◆ **Work item**: Please return each entry that follows exactly as given, but without pictures.

[Stored records]
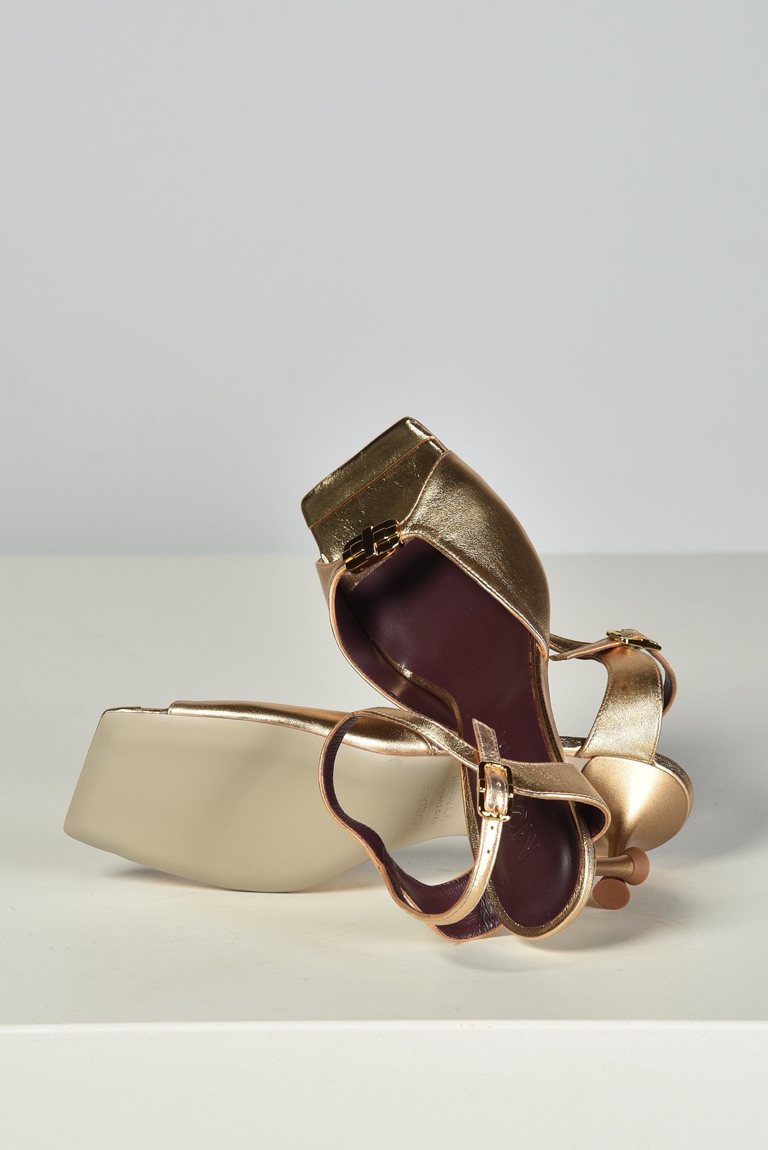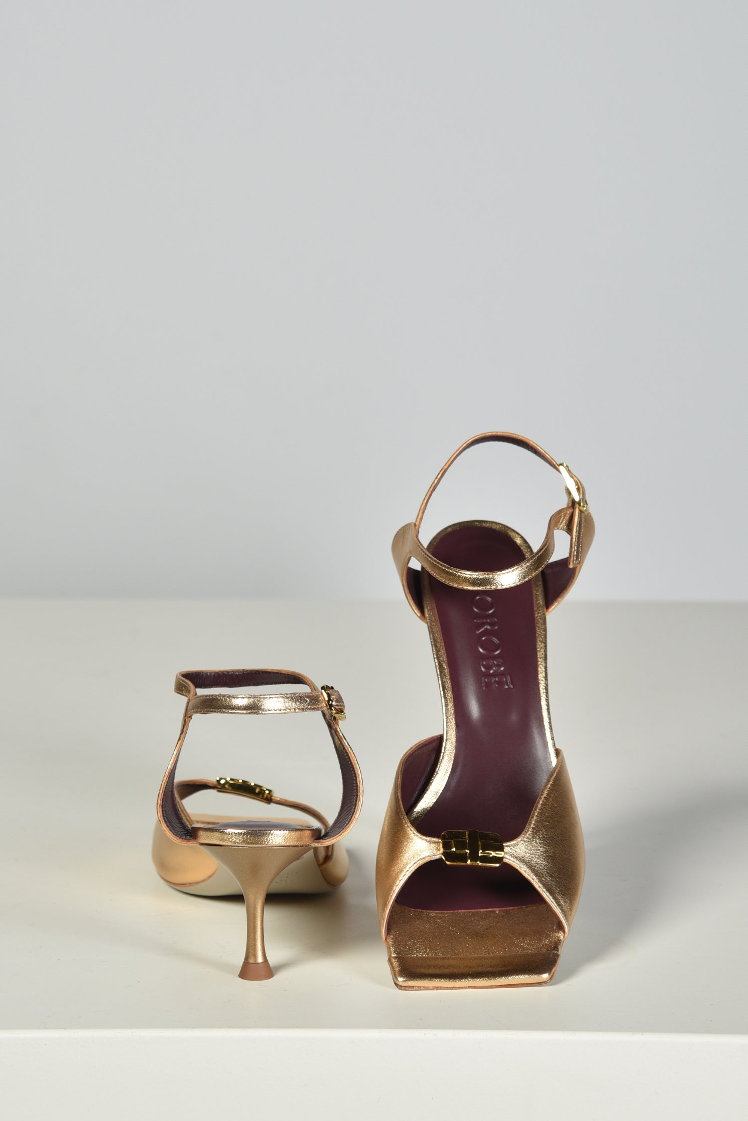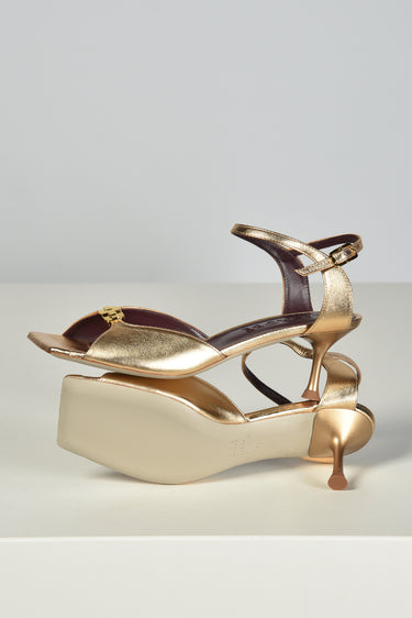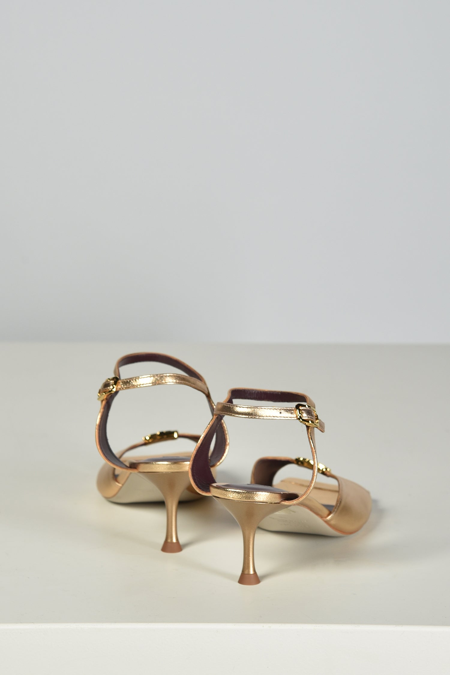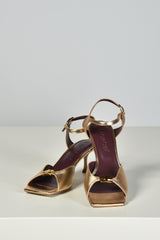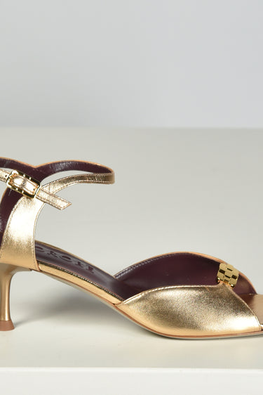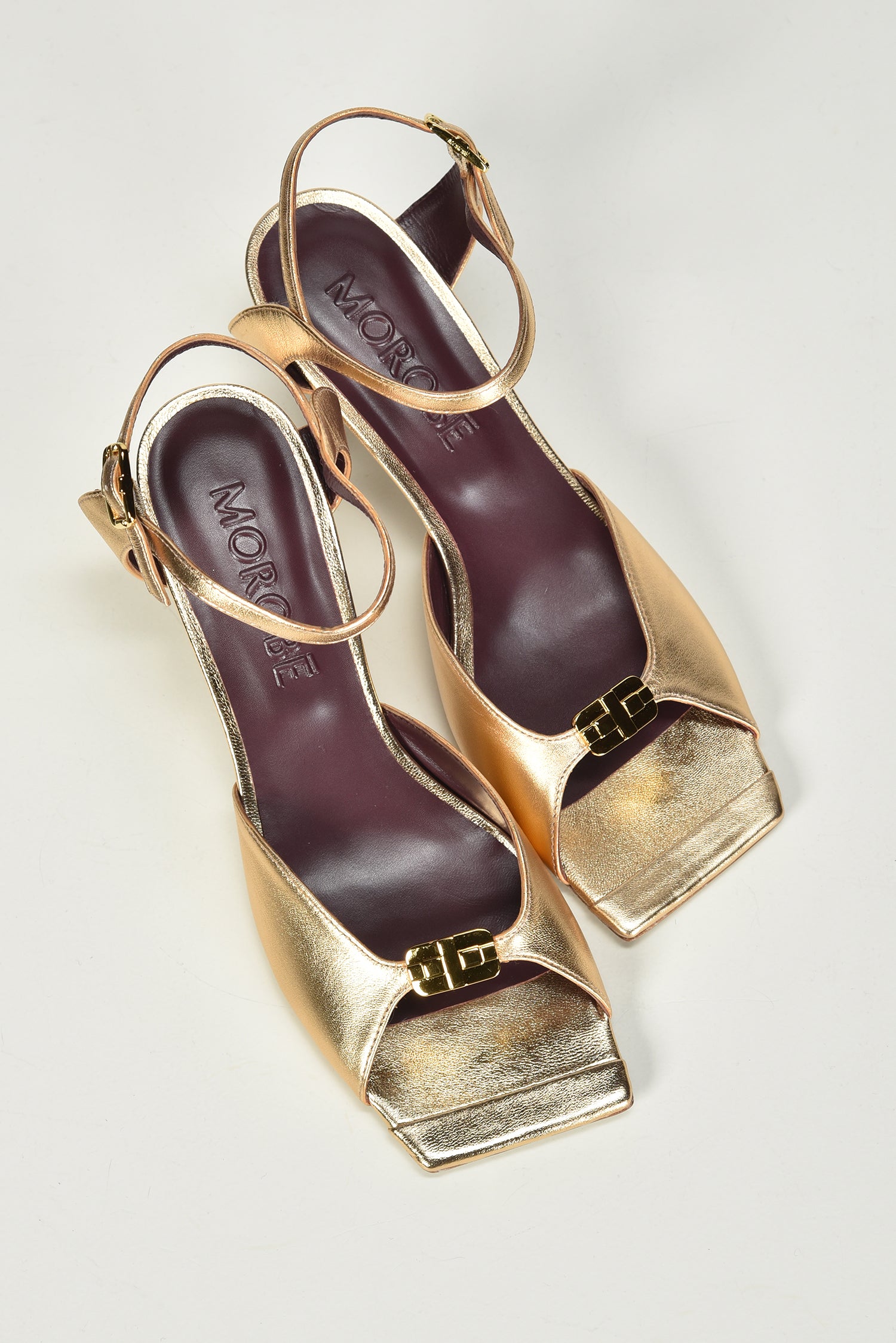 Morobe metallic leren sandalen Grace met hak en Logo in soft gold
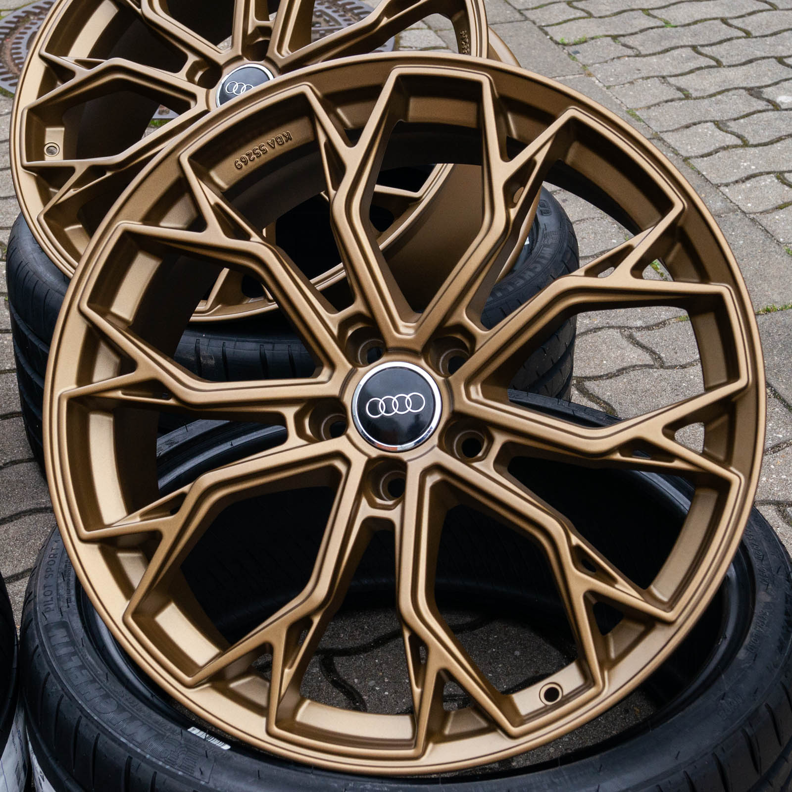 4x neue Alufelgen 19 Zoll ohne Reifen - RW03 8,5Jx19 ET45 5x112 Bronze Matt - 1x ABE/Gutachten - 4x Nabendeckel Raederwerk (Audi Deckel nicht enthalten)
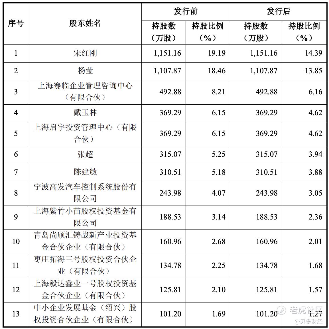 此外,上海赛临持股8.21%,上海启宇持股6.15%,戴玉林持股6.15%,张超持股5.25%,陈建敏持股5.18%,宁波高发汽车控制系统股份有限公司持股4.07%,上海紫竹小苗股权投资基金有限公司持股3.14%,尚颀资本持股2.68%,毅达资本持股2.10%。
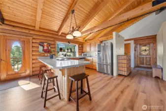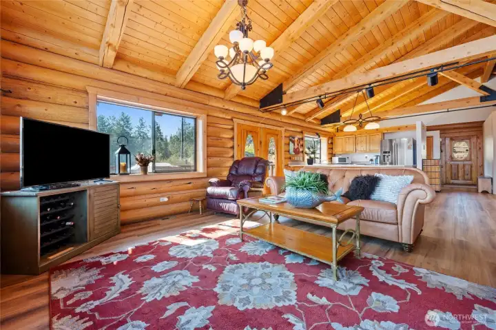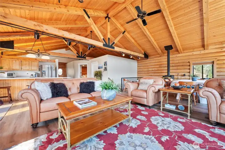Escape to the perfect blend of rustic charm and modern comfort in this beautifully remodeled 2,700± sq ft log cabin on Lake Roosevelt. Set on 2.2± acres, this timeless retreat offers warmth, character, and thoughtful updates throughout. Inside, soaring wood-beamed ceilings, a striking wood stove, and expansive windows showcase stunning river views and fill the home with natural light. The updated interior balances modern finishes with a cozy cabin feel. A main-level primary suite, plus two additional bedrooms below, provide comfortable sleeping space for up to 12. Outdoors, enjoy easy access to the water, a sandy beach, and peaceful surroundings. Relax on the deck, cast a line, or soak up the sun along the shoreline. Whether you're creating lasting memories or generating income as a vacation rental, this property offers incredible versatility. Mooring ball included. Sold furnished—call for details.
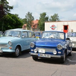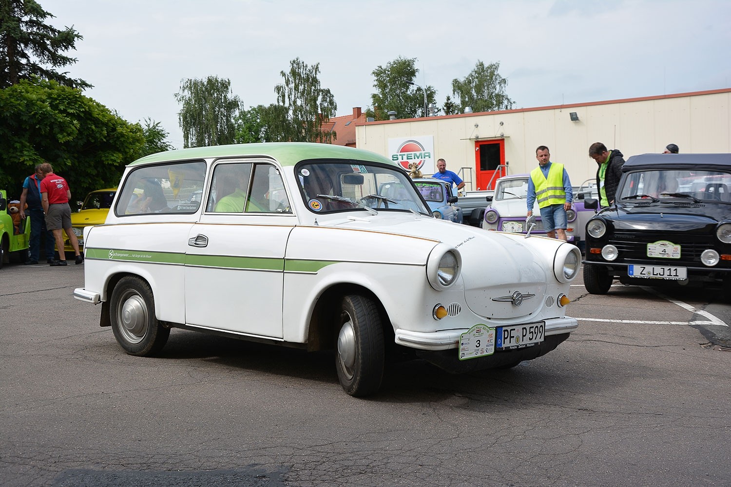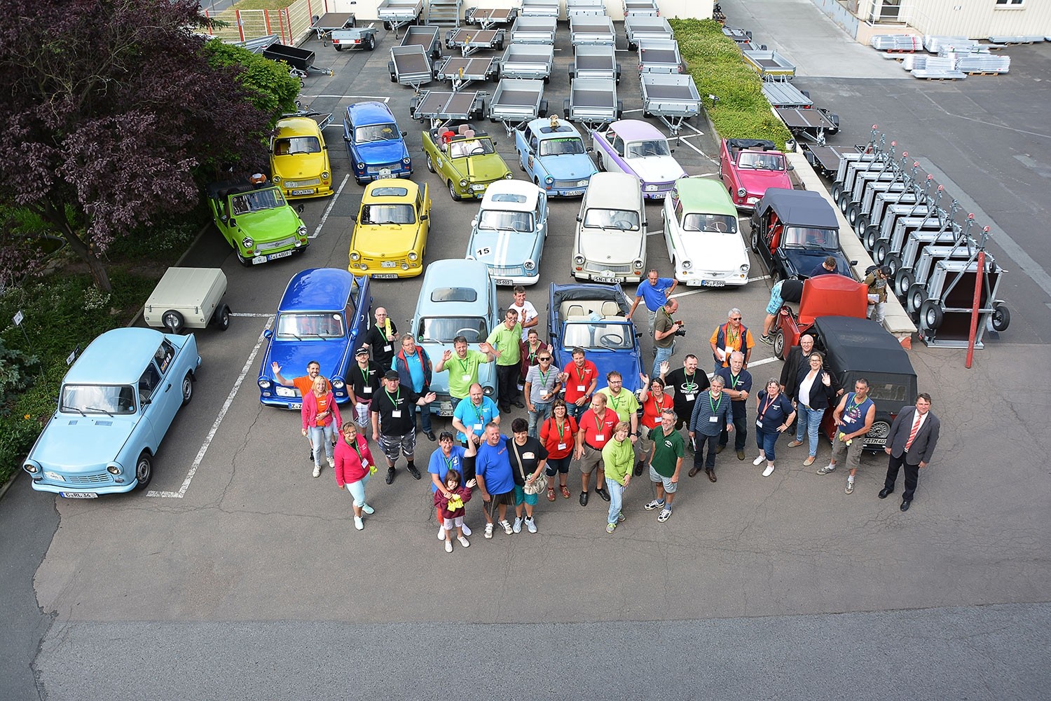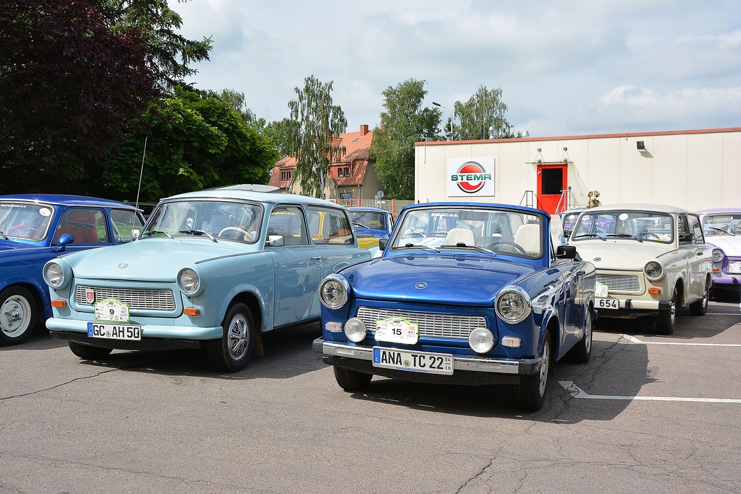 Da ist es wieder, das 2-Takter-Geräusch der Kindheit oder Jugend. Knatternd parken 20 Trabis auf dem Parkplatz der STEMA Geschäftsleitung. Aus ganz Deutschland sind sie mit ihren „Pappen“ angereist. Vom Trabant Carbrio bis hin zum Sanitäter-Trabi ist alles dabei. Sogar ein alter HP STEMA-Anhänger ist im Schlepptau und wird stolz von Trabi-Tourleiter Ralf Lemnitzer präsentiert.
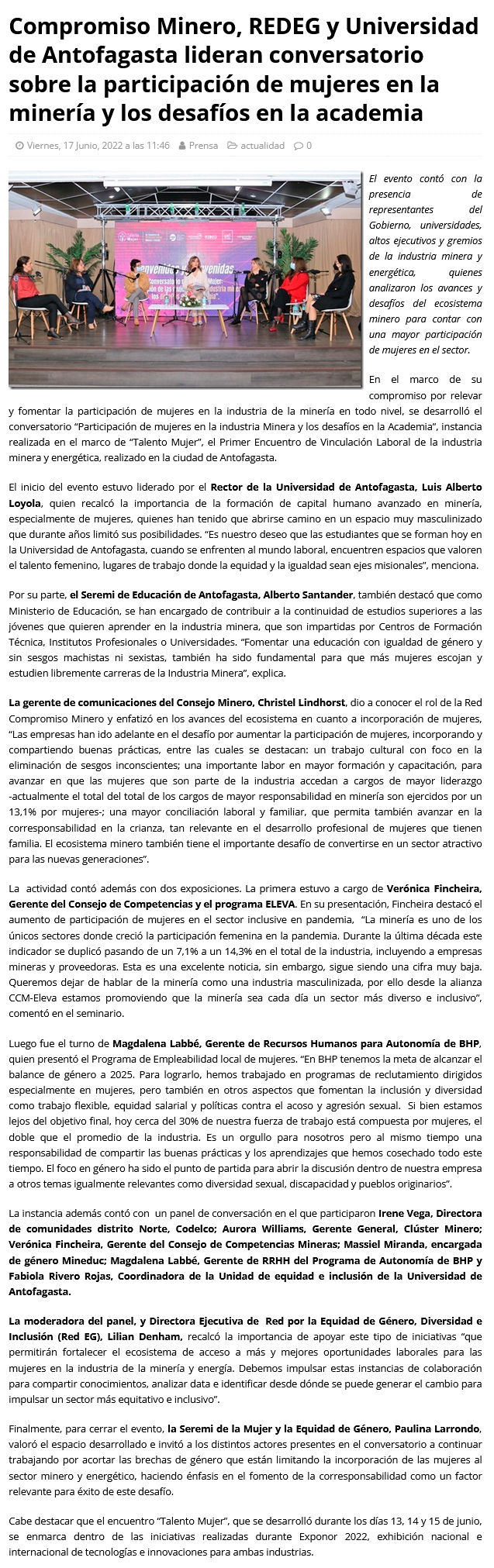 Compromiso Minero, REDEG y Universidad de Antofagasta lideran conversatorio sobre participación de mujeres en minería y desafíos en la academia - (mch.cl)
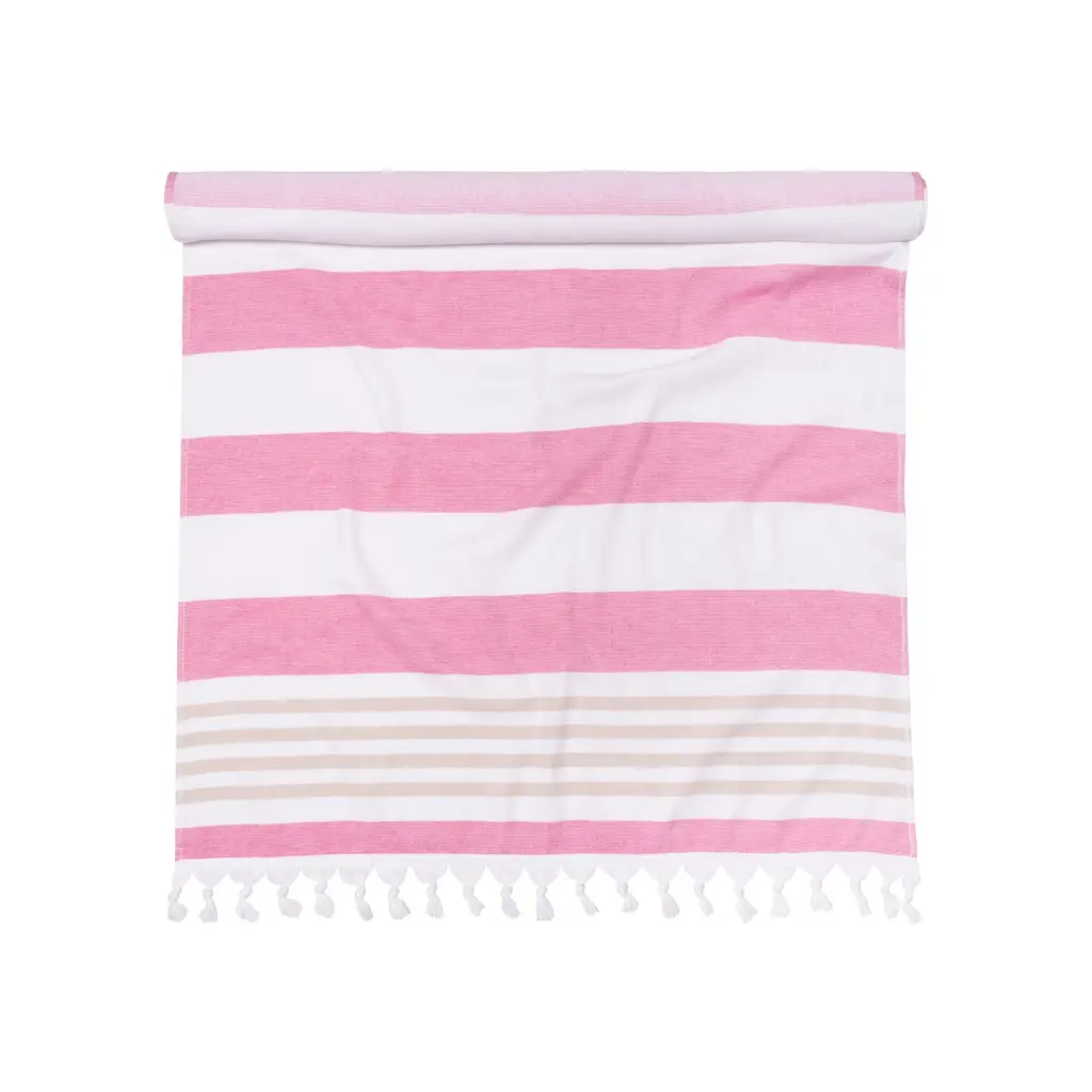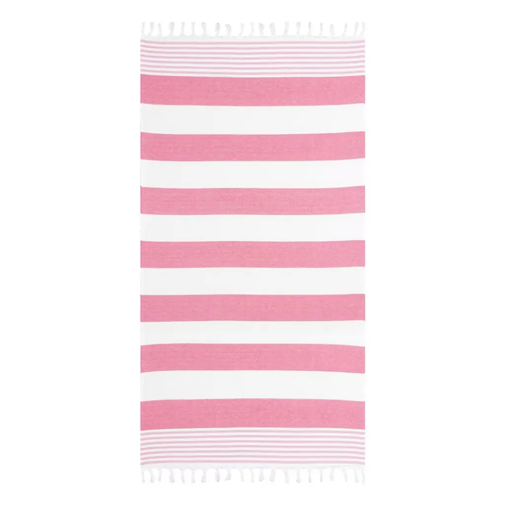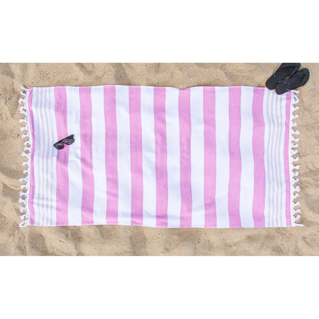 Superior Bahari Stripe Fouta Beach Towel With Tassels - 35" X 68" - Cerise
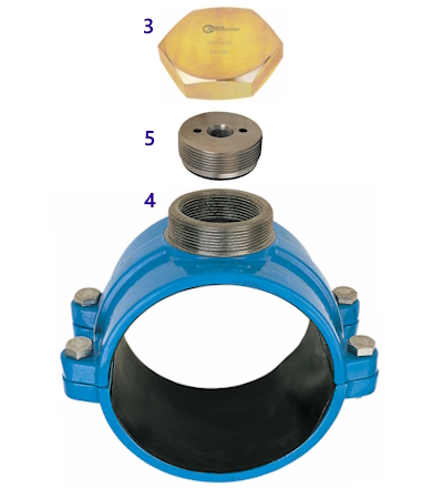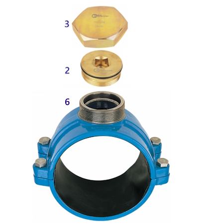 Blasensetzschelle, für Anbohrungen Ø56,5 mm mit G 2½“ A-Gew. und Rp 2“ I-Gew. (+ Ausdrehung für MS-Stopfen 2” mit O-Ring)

◆ **Response to this exercise**:
 Morobe metallic leren sandalen Grace met hak en Logo in soft gold
 4x neue Alufelgen 19 Zoll ohne Reifen - RW03 8,5Jx19 ET45 5x112 Bronze Matt - 1x ABE/Gutachten - 4x Nabendeckel Raederwerk (Audi Deckel nicht enthalten)
 此外,上海赛临持股8.21%,上海启宇持股6.15%,戴玉林持股6.15%,张超持股5.25%,陈建敏持股5.18%,宁波高发汽车控制系统股份有限公司持股4.07%,上海紫竹小苗股权投资基金有限公司持股3.14%,尚颀资本持股2.68%,毅达资本持股2.10%。
Escape to the perfect blend of rustic charm and modern comfort in this beautifully remodeled 2,700± sq ft log cabin on Lake Roosevelt. Set on 2.2± acres, this timeless retreat offers warmth, character, and thoughtful updates throughout. Inside, soaring wood-beamed ceilings, a striking wood stove, and expansive windows showcase stunning river views and fill the home with natural light. The updated interior balances modern finishes with a cozy cabin feel. A main-level primary suite, plus two additional bedrooms below, provide comfortable sleeping space for up to 12. Outdoors, enjoy easy access to the water, a sandy beach, and peaceful surroundings. Relax on the deck, cast a line, or soak up the sun along the shoreline. Whether you're creating lasting memories or generating income as a vacation rental, this property offers incredible versatility. Mooring ball included. Sold furnished—call for details.
 Da ist es wieder, das 2-Takter-Geräusch der Kindheit oder Jugend. Knatternd parken 20 Trabis auf dem Parkplatz der STEMA Geschäftsleitung. Aus ganz Deutschland sind sie mit ihren „Pappen“ angereist. Vom Trabant Carbrio bis hin zum Sanitäter-Trabi ist alles dabei. Sogar ein alter HP STEMA-Anhänger ist im Schlepptau und wird stolz von Trabi-Tourleiter Ralf Lemnitzer präsentiert.
 Compromiso Minero, REDEG y Universidad de Antofagasta lideran conversatorio sobre participación de mujeres en minería y desafíos en la academia - (mch.cl)
 Superior Bahari Stripe Fouta Beach Towel With Tassels - 35" X 68" - Cerise
 Blasensetzschelle, für Anbohrungen Ø56,5 mm mit G 2½“ A-Gew. und Rp 2“ I-Gew. (+ Ausdrehung für MS-Stopfen 2” mit O-Ring)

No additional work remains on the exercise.